Collected data entries
_ _ _ _

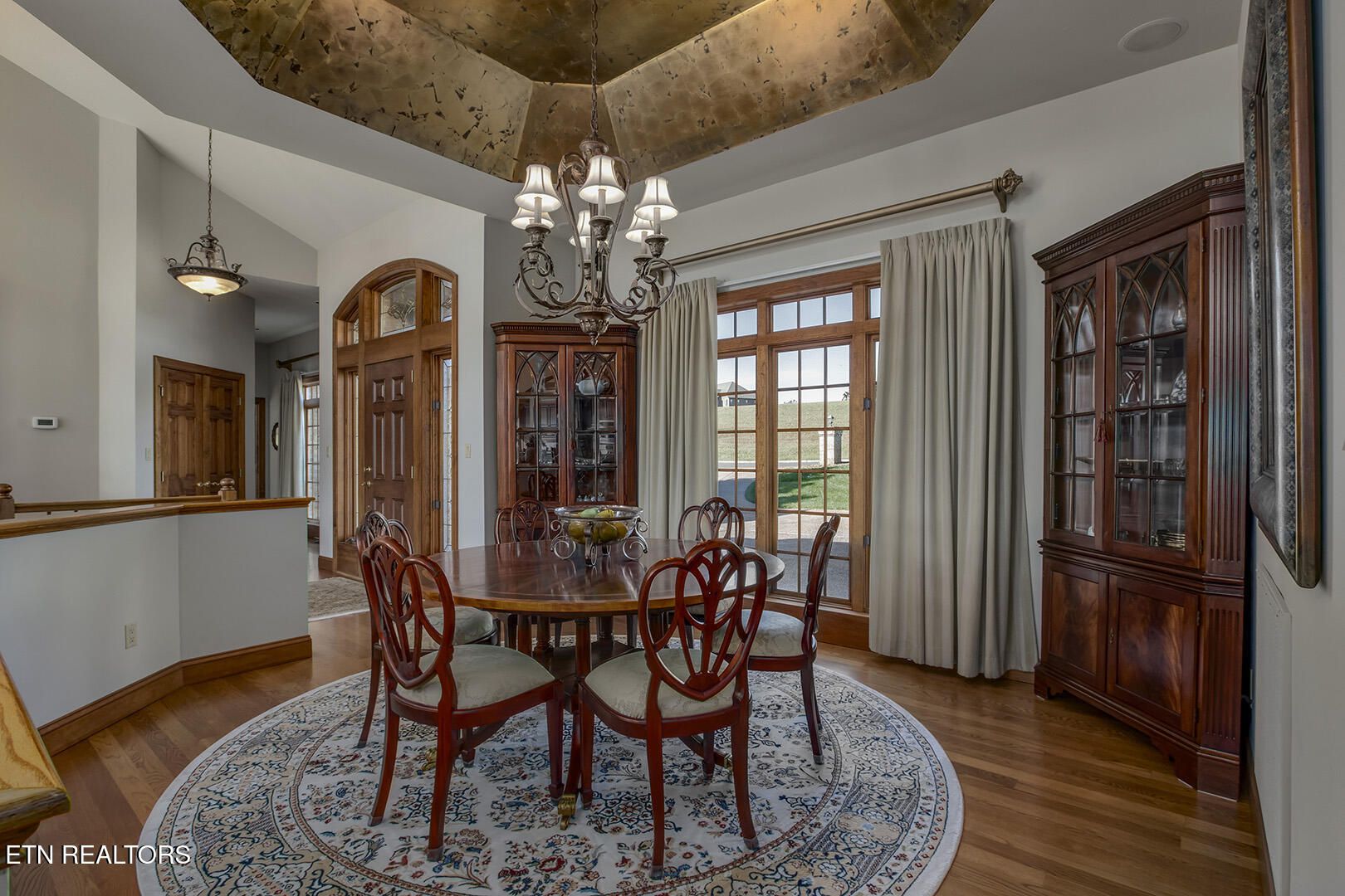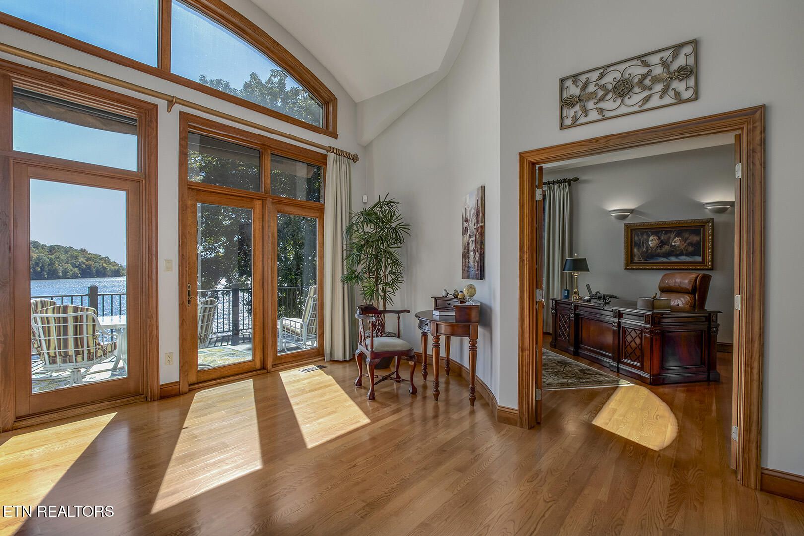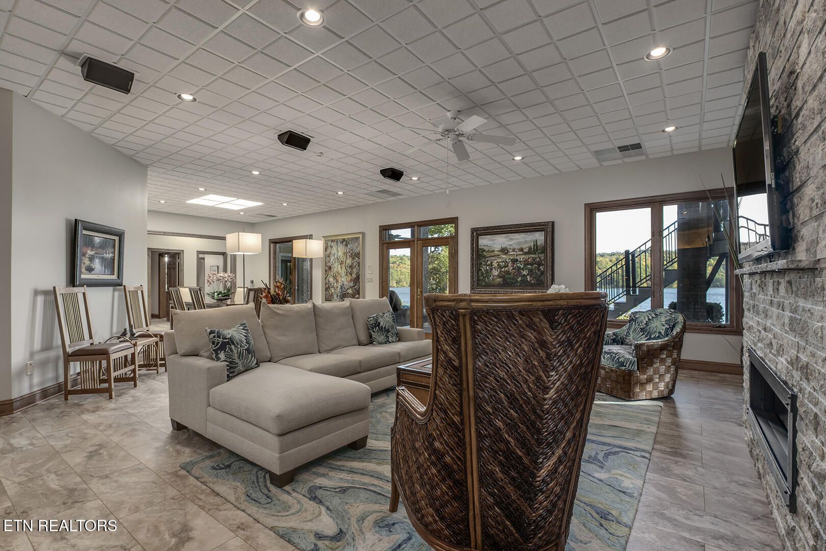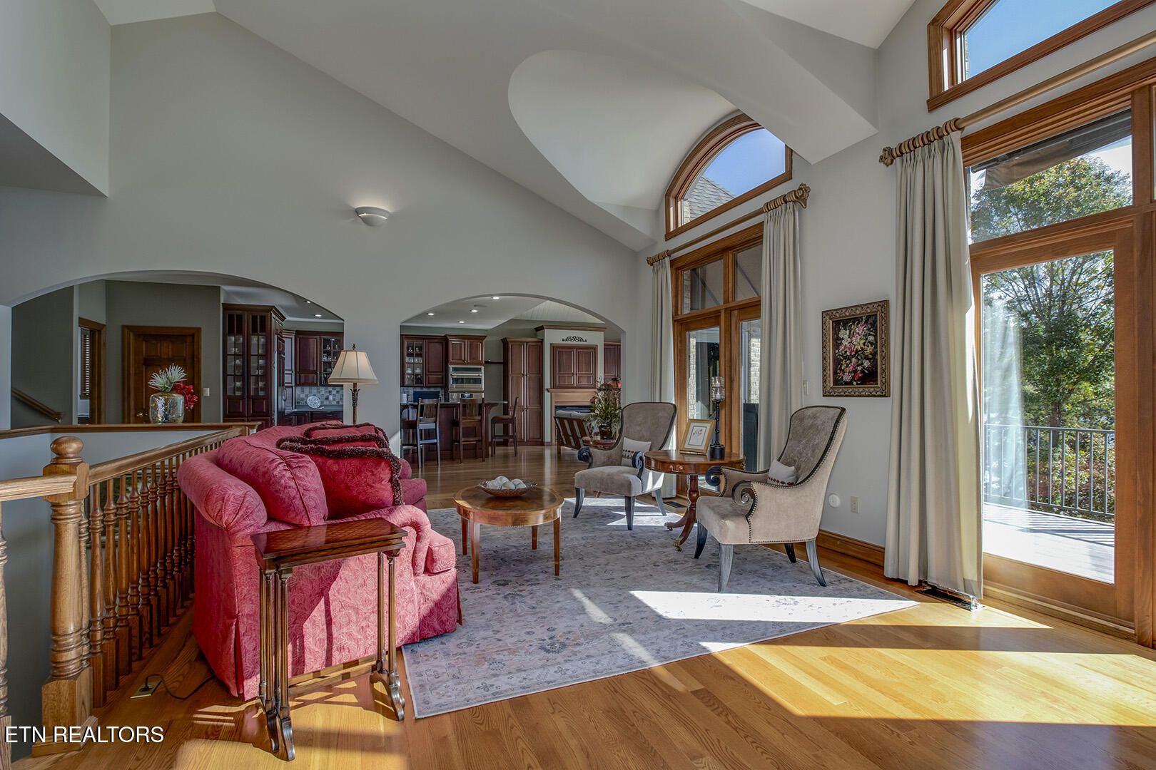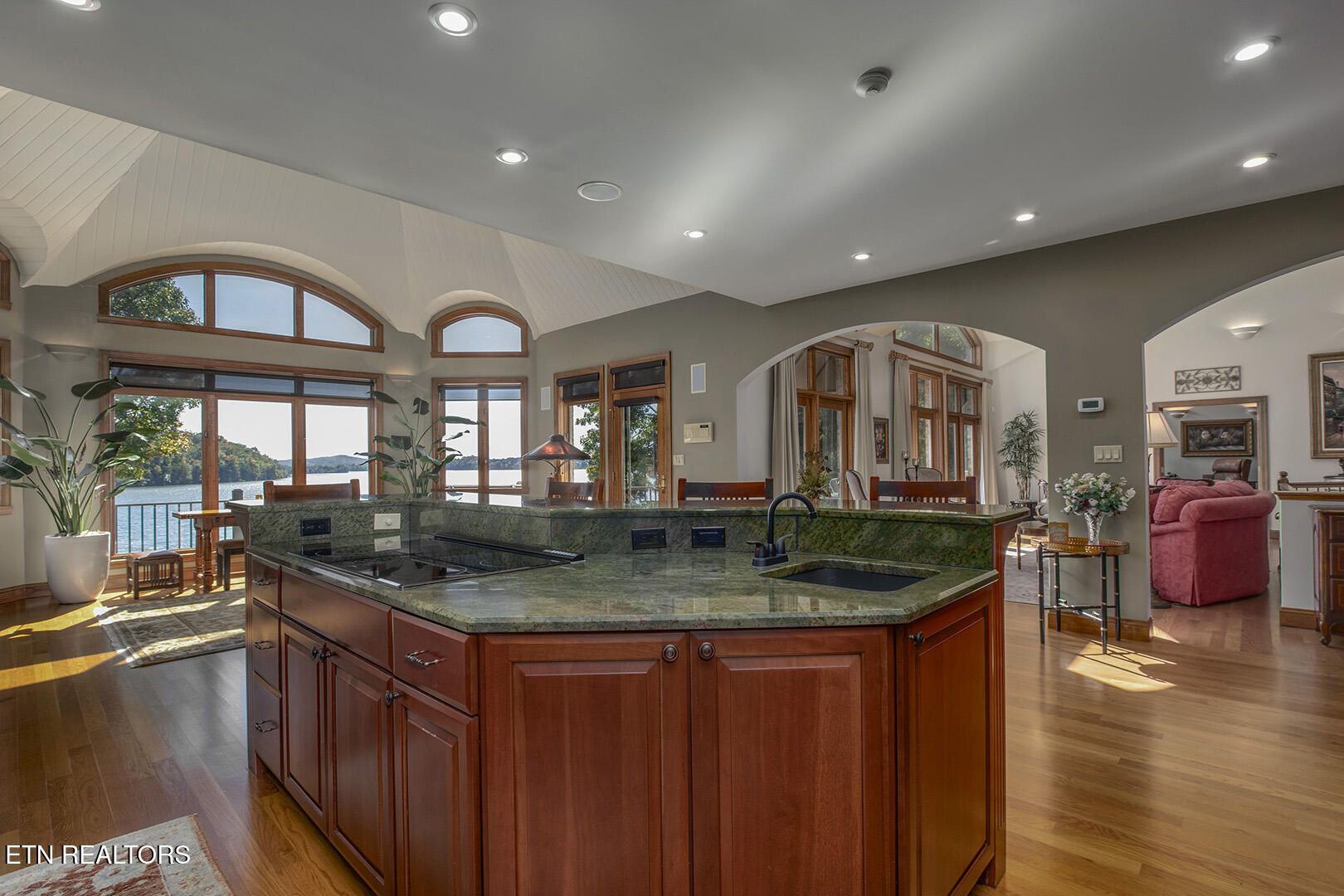 WATERFRONT with SPECTACULAR LAKE and MOUNTAIN VIEWS from almost every room. Enjoy morning coffee relaxing on the spacious deck overlooking the lake or hosting a gathering of friends as you take in the impressive views of the incredible tiered landscaping and a stone walkway leading to your PRIVATE DOCK on the main channel of Tellico Lake. This custom home will not disappoint from the open floor plan with high architectural ceiling in the living room, gold-leaf trey ceiling in the dining room, and a hearth room adjacent to the kitchen. The chef's kitchen is a show-stopper with plenty of room for entertaining and includes a Sub Zero panel refrigerator, custom Mouser cabinets, new GE Advantium CAFE French door oven and microwave, large walk-in pantry, and two sinks. Relax in the spacious Primary Bedroom overlooking the lake that boasts a cozy fireplace, trey ceiling, walk-in closet and large ensuite bath. An office/5th bedroom with an adjoining full bath round out the main level. The lower level has a full kitchen, living area with stone fireplace, and dining/game area. In addition there are two spacious guest bedrooms with jack-and-jill bath, a home gym, and garage space with a workshop. Fiber Optics is available through the local phone company (TDS) for fast internet service. Twenty-two updates have been made so ask the agent for a copy of the list. Just a few of the updates include: new high-end appliances, humidifier, HVAC, hardwood flooring, front door, landscaping and irrigation updates, shingles, and Trex decking. Country Club membership is OPTIONAL.
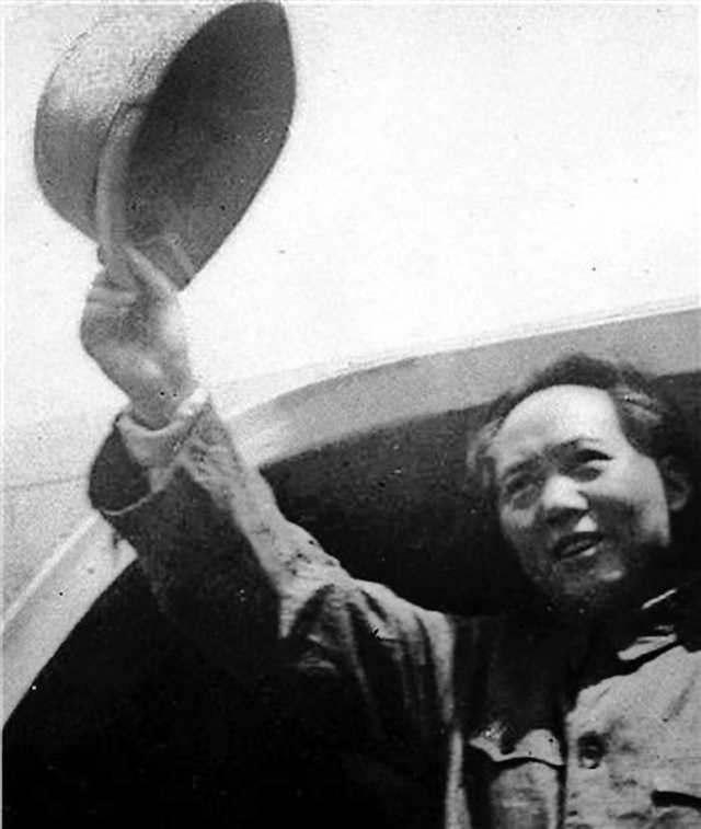毛主席摘下礼帽,向欢迎的人群频频地挥动着,昂然挺立在舷梯上。所有镜头都对准了他,“毛,简直是好莱坞!”赫尔利大使,翘起大拇指不断夸奖。记者们把毛主席团团围住了,这个提问,那个递名片,有个记者抓住毛主席的手,激动地,紧紧拉住久久不愿把手放。沈钧儒,个子矮,急得直跺脚,一边挤一边大声讲:“我是沈钧儒,我是沈钧儒!”试图冲进层层人墙。
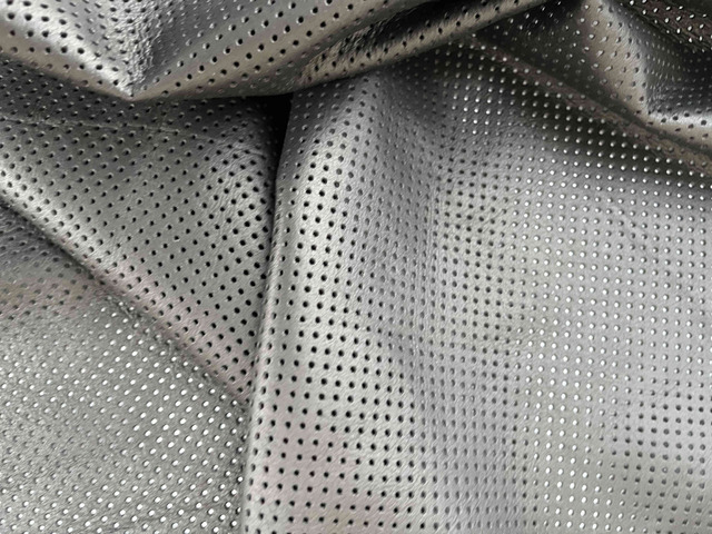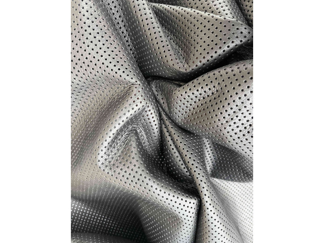 Pellame ovino nappa traforato per il settore Automotive, colore nero, mano morbida e pastosa per il rivestimento di volanti auto, cuffie cambio e molto altro.
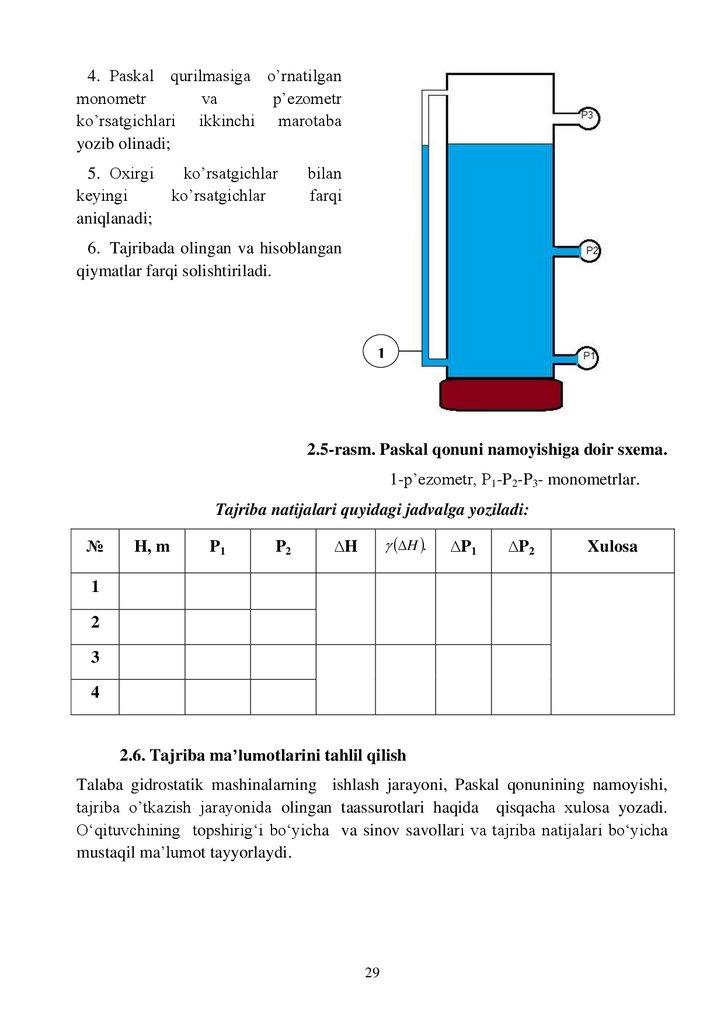 Gidrostatik bosim хossalarini tajribada kuzatish, b.paskal
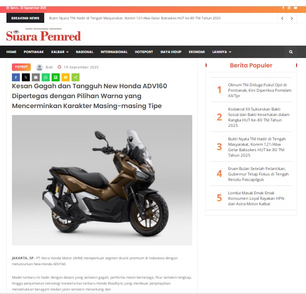 Kesan Gagah dan Tangguh New Honda ADV160 Dipertegas dengan Pilihan Warna yang Mencerminkan Karakter Masing-masing Tipe by masmul 19 September 2025 in Silahkan kunjungi https://www.suarapemredkalbar.com/read/potret/19092025/kesan-gagah-dan-tangguh-new-honda-adv160-dipertegas-dengan-pilihan-warna-yang-mencerminkan-karakter-masing-masing-tipe. You Might Like Regional Public Launching New ADV160 The SUV Pride Grand Launching New PCX 160 Truly Exceptional! Tetap hati-hati ya bro sist berkendara saat hujan.

_ _ _ _

* What is expected:
Please set down the records exactly, and keep every image out of the copy.

* Response box:
 WATERFRONT with SPECTACULAR LAKE and MOUNTAIN VIEWS from almost every room. Enjoy morning coffee relaxing on the spacious deck overlooking the lake or hosting a gathering of friends as you take in the impressive views of the incredible tiered landscaping and a stone walkway leading to your PRIVATE DOCK on the main channel of Tellico Lake. This custom home will not disappoint from the open floor plan with high architectural ceiling in the living room, gold-leaf trey ceiling in the dining room, and a hearth room adjacent to the kitchen. The chef's kitchen is a show-stopper with plenty of room for entertaining and includes a Sub Zero panel refrigerator, custom Mouser cabinets, new GE Advantium CAFE French door oven and microwave, large walk-in pantry, and two sinks. Relax in the spacious Primary Bedroom overlooking the lake that boasts a cozy fireplace, trey ceiling, walk-in closet and large ensuite bath. An office/5th bedroom with an adjoining full bath round out the main level. The lower level has a full kitchen, living area with stone fireplace, and dining/game area. In addition there are two spacious guest bedrooms with jack-and-jill bath, a home gym, and garage space with a workshop. Fiber Optics is available through the local phone company (TDS) for fast internet service. Twenty-two updates have been made so ask the agent for a copy of the list. Just a few of the updates include: new high-end appliances, humidifier, HVAC, hardwood flooring, front door, landscaping and irrigation updates, shingles, and Trex decking. Country Club membership is OPTIONAL.
毛主席摘下礼帽,向欢迎的人群频频地挥动着,昂然挺立在舷梯上。所有镜头都对准了他,“毛,简直是好莱坞!”赫尔利大使,翘起大拇指不断夸奖。记者们把毛主席团团围住了,这个提问,那个递名片,有个记者抓住毛主席的手,激动地,紧紧拉住久久不愿把手放。沈钧儒,个子矮,急得直跺脚,一边挤一边大声讲:“我是沈钧儒,我是沈钧儒!”试图冲进层层人墙。
 Pellame ovino nappa traforato per il settore Automotive, colore nero, mano morbida e pastosa per il rivestimento di volanti auto, cuffie cambio e molto altro.
 Gidrostatik bosim хossalarini tajribada kuzatish, b.paskal
 Kesan Gagah dan Tangguh New Honda ADV160 Dipertegas dengan Pilihan Warna yang Mencerminkan Karakter Masing-masing Tipe by masmul 19 September 2025 in Silahkan kunjungi https://www.suarapemredkalbar.com/read/potret/19092025/kesan-gagah-dan-tangguh-new-honda-adv160-dipertegas-dengan-pilihan-warna-yang-mencerminkan-karakter-masing-masing-tipe. You Might Like Regional Public Launching New ADV160 The SUV Pride Grand Launching New PCX 160 Truly Exceptional! Tetap hati-hati ya bro sist berkendara saat hujan.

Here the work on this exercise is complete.